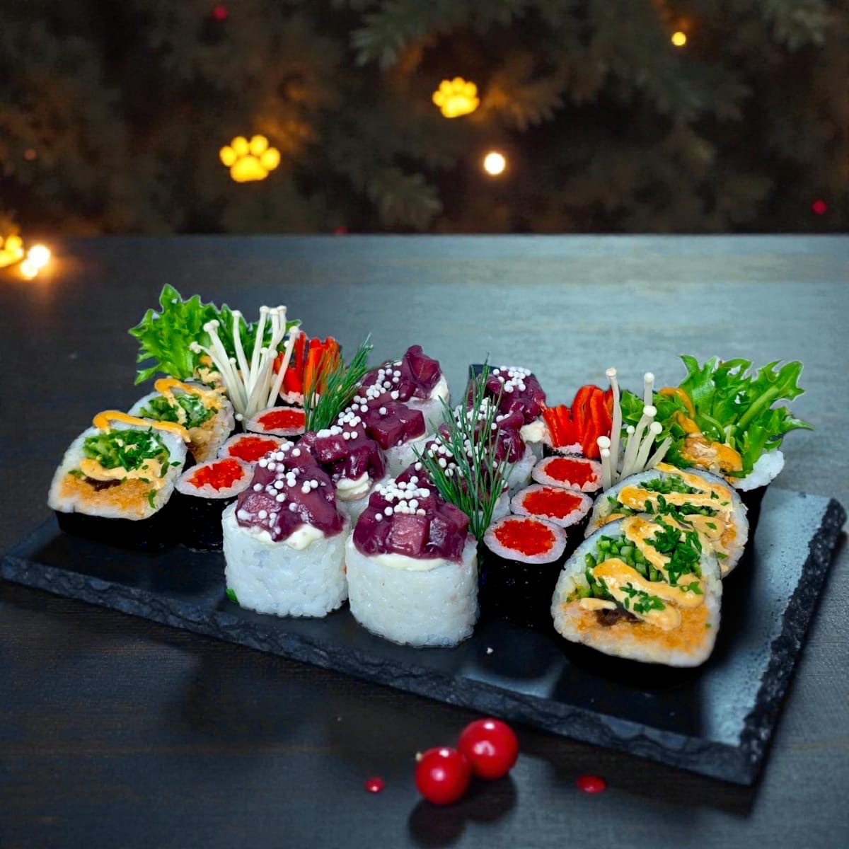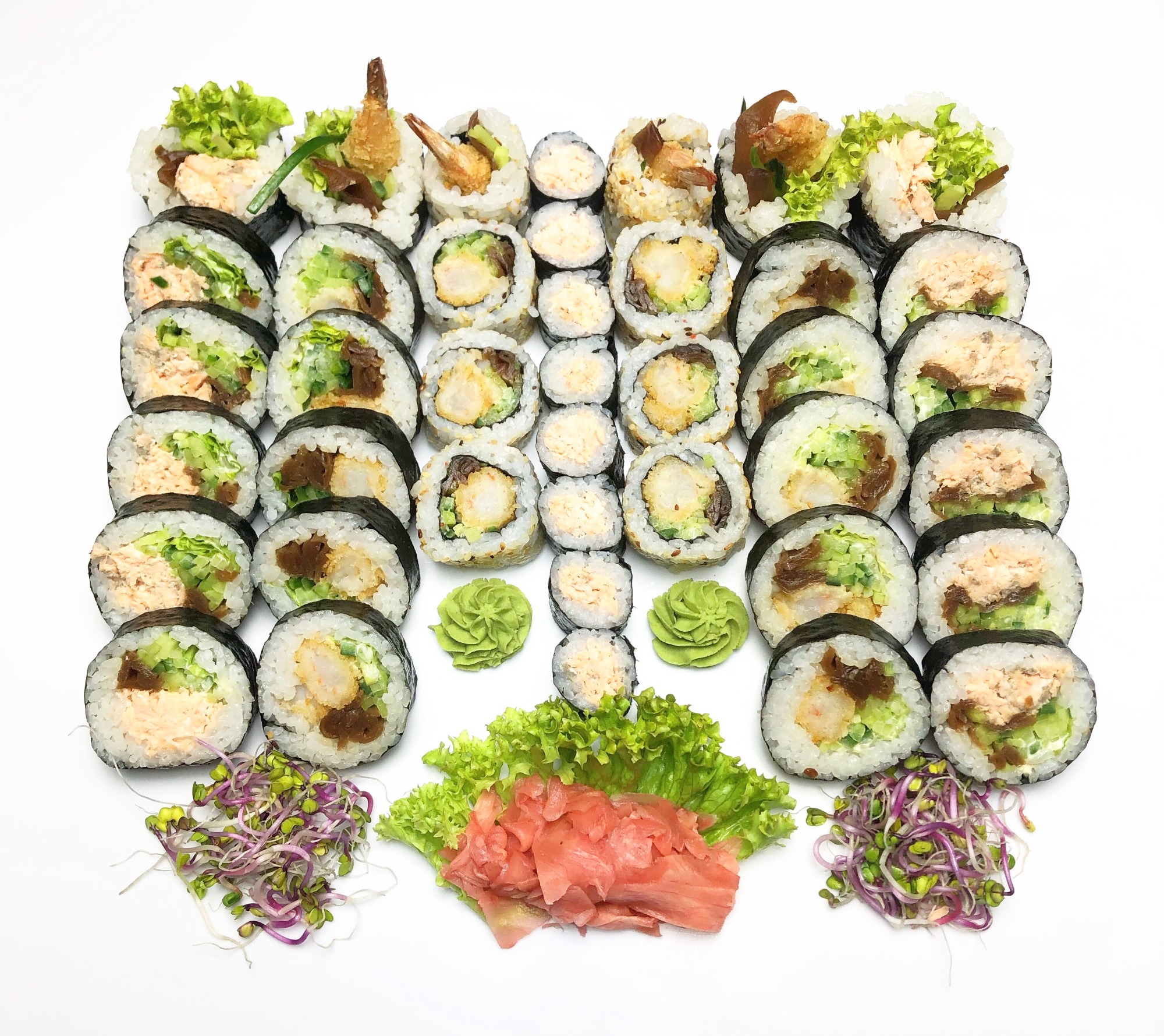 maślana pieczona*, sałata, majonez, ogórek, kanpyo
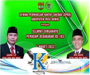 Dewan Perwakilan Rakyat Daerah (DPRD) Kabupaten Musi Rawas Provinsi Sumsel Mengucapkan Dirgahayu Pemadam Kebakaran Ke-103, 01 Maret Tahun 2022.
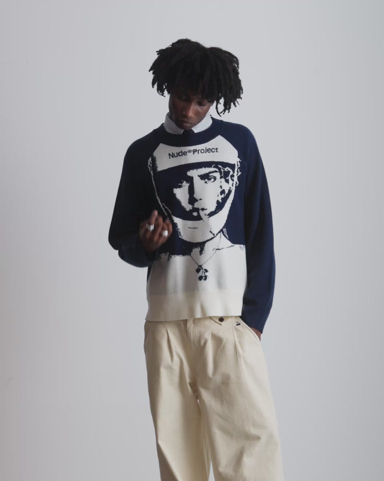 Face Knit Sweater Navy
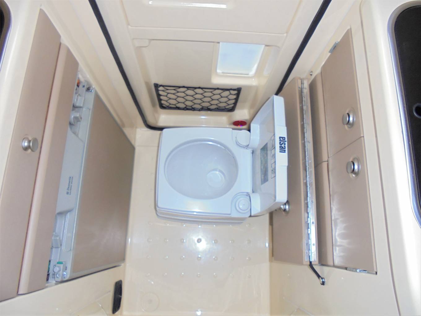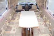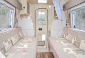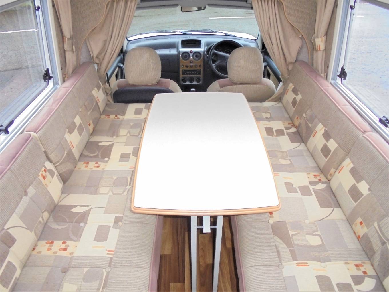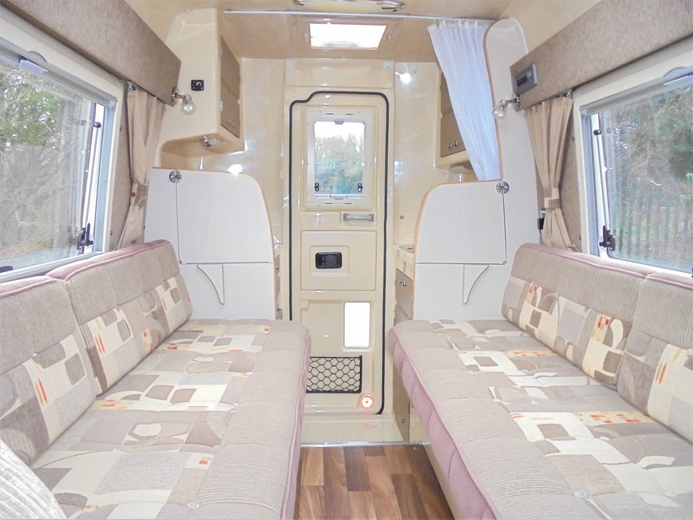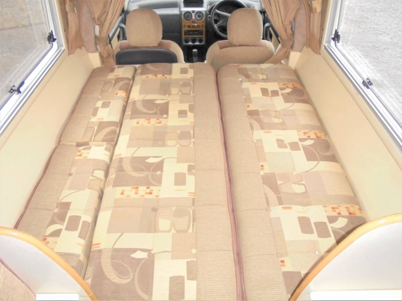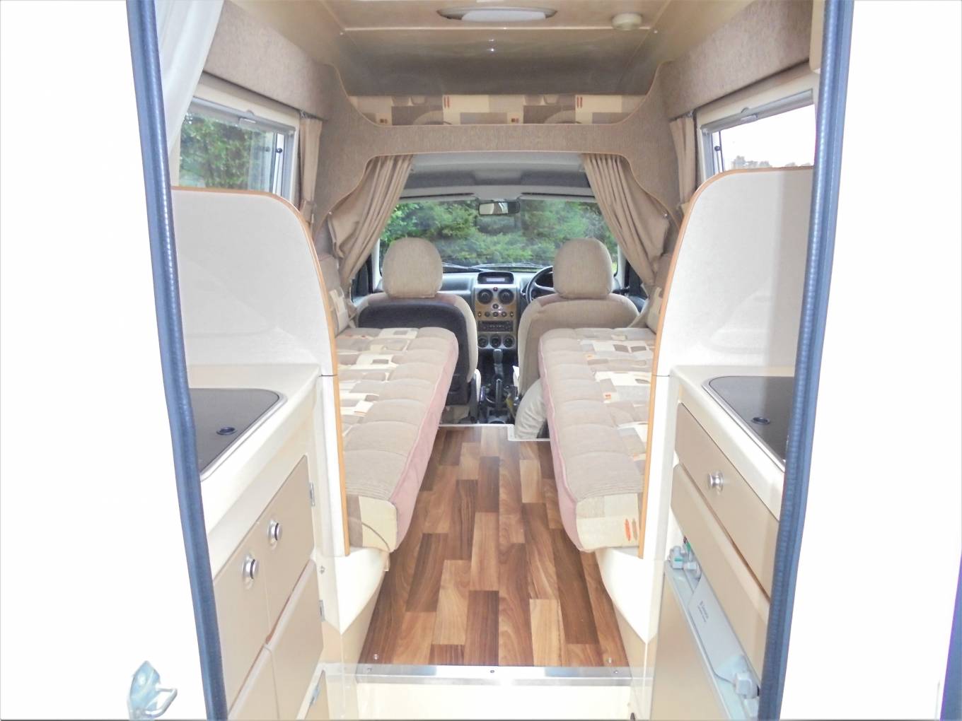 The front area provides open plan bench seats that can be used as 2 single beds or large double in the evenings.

Problem requirements | The copy should begin at the line containing "Face Knit Sweater Navy" and end at the last line of the data above; please restate those lines word for word without the pictures.

Answer space |
 Face Knit Sweater Navy
 The front area provides open plan bench seats that can be used as 2 single beds or large double in the evenings.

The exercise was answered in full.